In recent months, General Mills gathered up all the Kernza grain that it could find, milled it, and made 6,000 small boxes of cereal to hand out as samples — and at events like the one this week in San Francisco.

There's actually more regular wheat in this cereal than Kernza, and it looks and tastes kind of like Wheaties. It's pretty sweet.

But General Mills wants to market Kernza — eventually, when there's more of it available — as the first grain that grows like grass on the prairie, protecting the soil, taking carbon from the air and storing it in the earth.

"We want to scale this and be able to find it on any grocery store, sitting on the same shelves" alongside every other cereal put out by General Mills' Cascadian Farm brand, Comings says. "You can start to be part of the solution to climate change by eating a cereal, which is just so lovely."

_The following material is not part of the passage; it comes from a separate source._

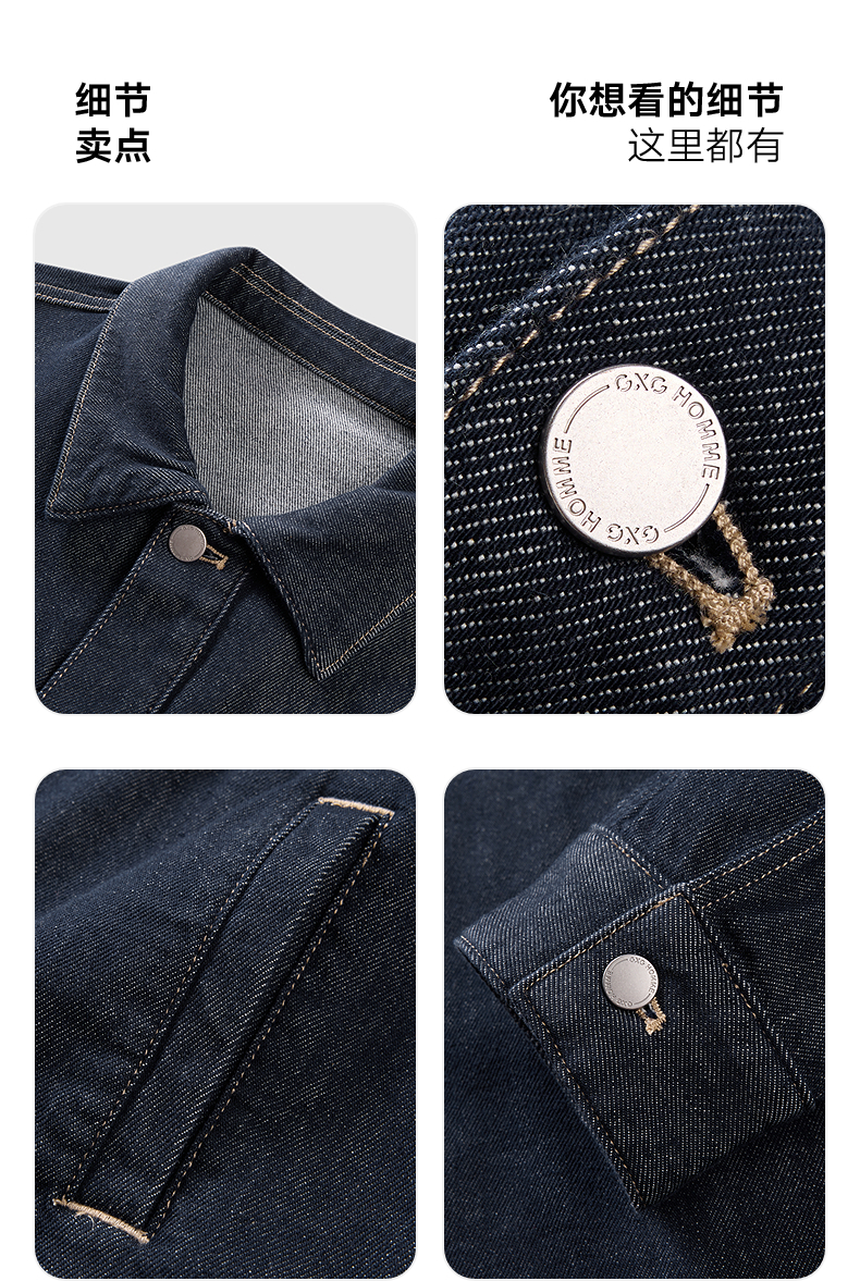 GXG男装 经典深蓝色水洗明线牛仔夹克外套 2024冬季热卖

The Land Institute is recruiting farmers to grow larger quantities of Kernza, but they're telling people not to expect too much, too soon. "Commercial production of Kernza in 2019 is akin to taking a car for a test drive when it's halfway down the assembly line," says Fred Iutzi, the institute's president. For one thing, Kernza produces small harvests right now — perhaps 500 pounds per acre. By comparison, the average U.S. field of wheat yields about 4,000 pounds per acre.

But long-term, the Land Institute also has grand ambitions. "Our goal is not for it to be a small-scale, niche thing," says Lee DeHaan. "We have landscape-scale problems," and to make a real impact, perennial grains need to cover the landscape.